Concept Review — RAG (Retrieval-Augmented Generation)
Conceptual Questions
Q: What is RAG and what problem does it solve? Retrieval-Augmented Generation. LLMs have a fixed knowledge cutoff and limited context windows — they can't know about recent events or proprietary internal data. RAG solves this by retrieving relevant documents at query time and injecting them into the prompt, grounding the model's response in real, up-to-date sources without changing model weights.
Q: What is the difference between RAG and fine-tuning? RAG injects knowledge at inference time through retrieved context. Fine-tuning bakes knowledge into model weights during training. RAG is better for: frequently changing data, verifiable citations, large knowledge bases that won't fit in a prompt, and privacy-sensitive data. Fine-tuning is better for: consistent tone/style/format, domain-specific behavior, and reducing inference latency from long prompts. They are complementary, not mutually exclusive.
Q: Walk me through the basic RAG pipeline. (1) Indexing: chunk documents, embed each chunk, store vectors in a vector database. (2) Retrieval: embed the user query, search the vector DB for the top-k nearest chunks. (3) Augmentation: inject retrieved chunks into the prompt alongside the query. (4) Generation: LLM generates a response grounded in the retrieved context.
Q: What are embeddings and why are they central to RAG? Embeddings are dense vector representations of text that capture semantic meaning — similar texts map to nearby vectors in high-dimensional space. They enable semantic search: you retrieve chunks that are meaning-similar to the query, not just keyword-matching. The quality of your embedding model directly determines retrieval quality.
Architecture and Design Questions
Q: What is hybrid search in RAG? Combining dense retrieval (embedding similarity) with sparse retrieval (keyword matching, e.g., BM25). Dense search finds semantically related content even with different words. Sparse search excels at exact matches (product IDs, names, technical terms). Hybrid search scores are merged (e.g., Reciprocal Rank Fusion). Usually outperforms either method alone.
Q: What is re-ranking and why does it help? The initial retrieval returns top-k candidates quickly using approximate nearest-neighbor search. A re-ranker (typically a cross-encoder model) then scores each candidate more precisely against the query and reorders them. Re-ranking improves precision at the cost of latency. The pipeline: retrieve top-20 → re-rank → pass top-5 to the LLM.
Q: What is query transformation / HyDE? Hypothetical Document Embedding: instead of embedding the query directly, ask the LLM to generate a hypothetical answer to the query, then embed that and use it for retrieval. The hypothetical answer looks more like the target documents than the question does, improving retrieval. Other transformations: query decomposition (split complex queries), step-back prompting (abstract the query to find background knowledge).
Q: What is agentic RAG? Rather than a fixed retrieve-then-generate pipeline, the LLM decides when and what to retrieve, can issue multiple retrieval queries, evaluate whether retrieved content is sufficient, and re-retrieve if needed. The agent treats the knowledge base as a tool. Enables iterative research but adds latency and complexity.

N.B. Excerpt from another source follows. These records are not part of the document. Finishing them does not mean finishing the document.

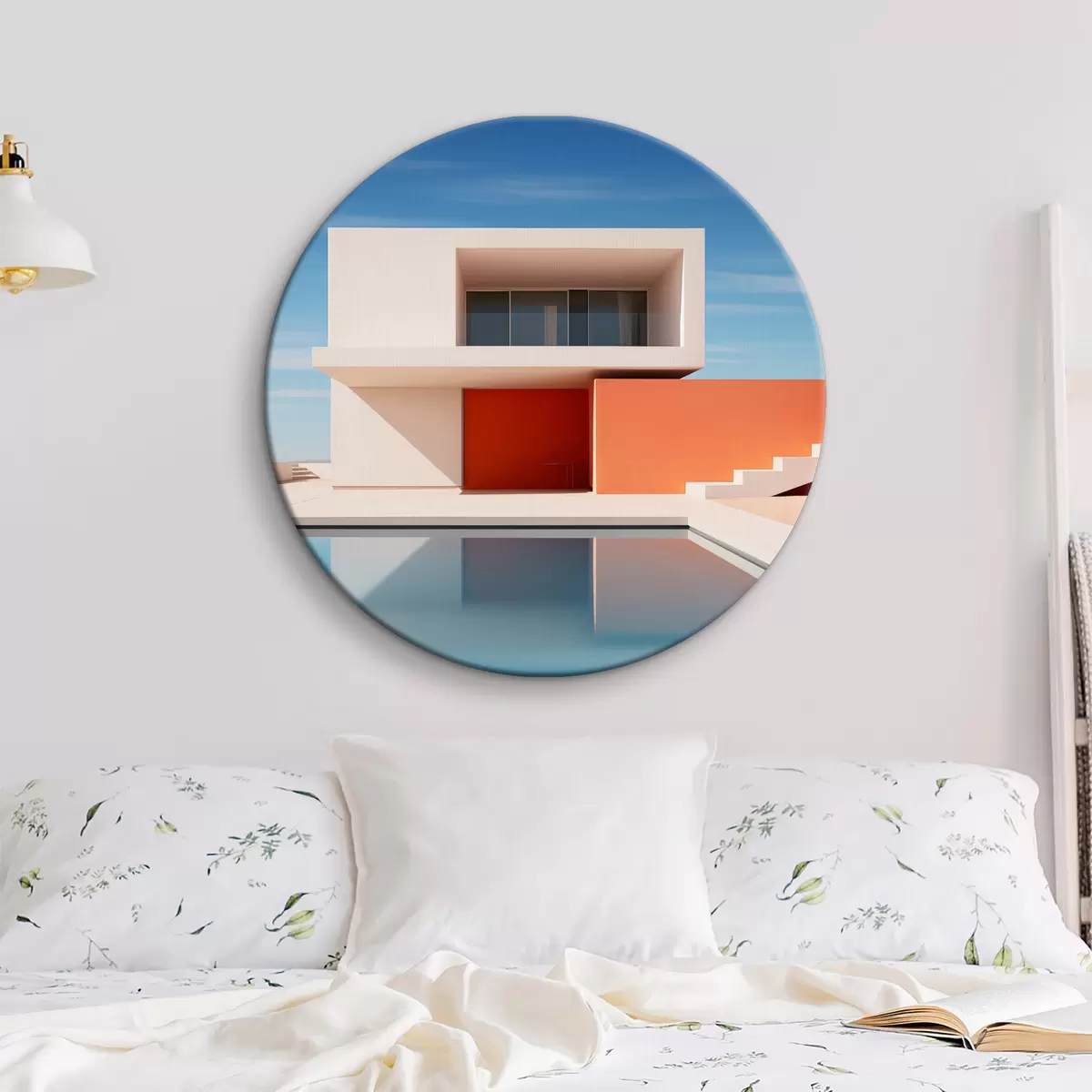 Ronde schilderijen Minimalistisch architectonisch landschap, huis en zwembad Nr r40811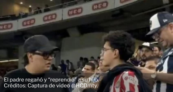 En un video que se hizo viral se observa que un padre reprende con manotazos a su hijo que presuntamente arrojó cerveza a fans de Monterrey.
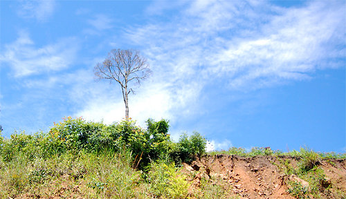 Một thân cây bé nhỏ trơ trọi giữa đất trời là cảnh thường gặp ở Tây Nguyên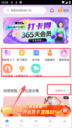 1、选择锻炼类型:在首页点击“动作库”或“减脂塑形”选择锻炼类型。
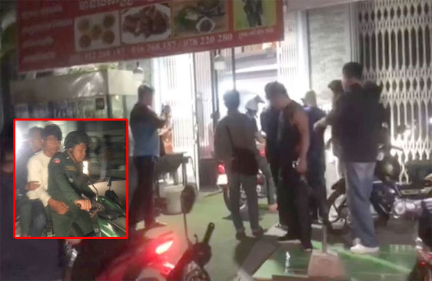 ភ្នំពេញ ៖ បុរសម្នាក់ ផឹកស៊ីស្រវឹង រួចក៏ក្រោកដើរទៅសុំជល់កែវអ្នកផឹកស៊ីតុក្បែរគ្នា និងបបួលគេឱ្យមក ផឹកតុជាមួយគ្នា តែគេមិនព្រមជល់កែវ និងមិនមកផឹកជាមួយ ស្រាប់តែខឹងសម្បា ទៅហៅបក្ខពួកជិះម៉ូតូ កាន់ដាវ និងដំបង បំបុកចូលហាង បម្រុងវាយគេ តែត្រូវម្ចាស់ហាងទាញទ្វារបិទ និងចាប់ឃាត់បានជន ដៃដល់ម្នាក់ភ្លាមៗ ប្រគល់ឱ្យសមត្ថកិច្ច នាំយកទៅចាត់ការតាមច្បាប់។

Retrieval and Chunking Questions
Q: Why does chunking strategy matter so much? Chunks that are too large: retrieve irrelevant content alongside relevant content, diluting the signal and wasting context window. Chunks that are too small: lose surrounding context needed to interpret a sentence. The goal is chunks that are semantically self-contained. Chunk boundaries should respect semantic units (paragraphs, sections) rather than arbitrary character counts.
Q: What is parent-child chunking? Index small chunks (child) for precise retrieval, but when a child chunk is retrieved, pass its larger parent chunk to the LLM for context. Solves the tension between retrieval precision (small chunks) and generation context quality (large chunks). Implementation: store parent-child relationships in metadata.
Evaluation Questions
Q: How do you evaluate a RAG system? Two dimensions: retrieval quality and generation quality. Retrieval metrics: recall@k (was the relevant chunk retrieved?), precision@k (were the retrieved chunks relevant?). Generation metrics: faithfulness (does the answer contradict the retrieved context?), answer relevance (does the answer address the question?), context utilization. RAGAS is a popular framework that measures all of these with LLM-as-judge.
Q: What are the main failure modes of RAG? (1) Retrieval failure: relevant chunks not retrieved — caused by poor embeddings, bad chunking, or query-document mismatch. (2) Context poisoning: irrelevant chunks retrieved and hallucinated into the answer. (3) Lost in the middle: LLMs ignore context in the middle of long retrieved passages — put the most relevant chunk first or last. (4) Faithfulness failure: model uses its parametric knowledge instead of the retrieved context. (5) Chunking boundary: answer spans a chunk boundary, so it's never fully retrieved.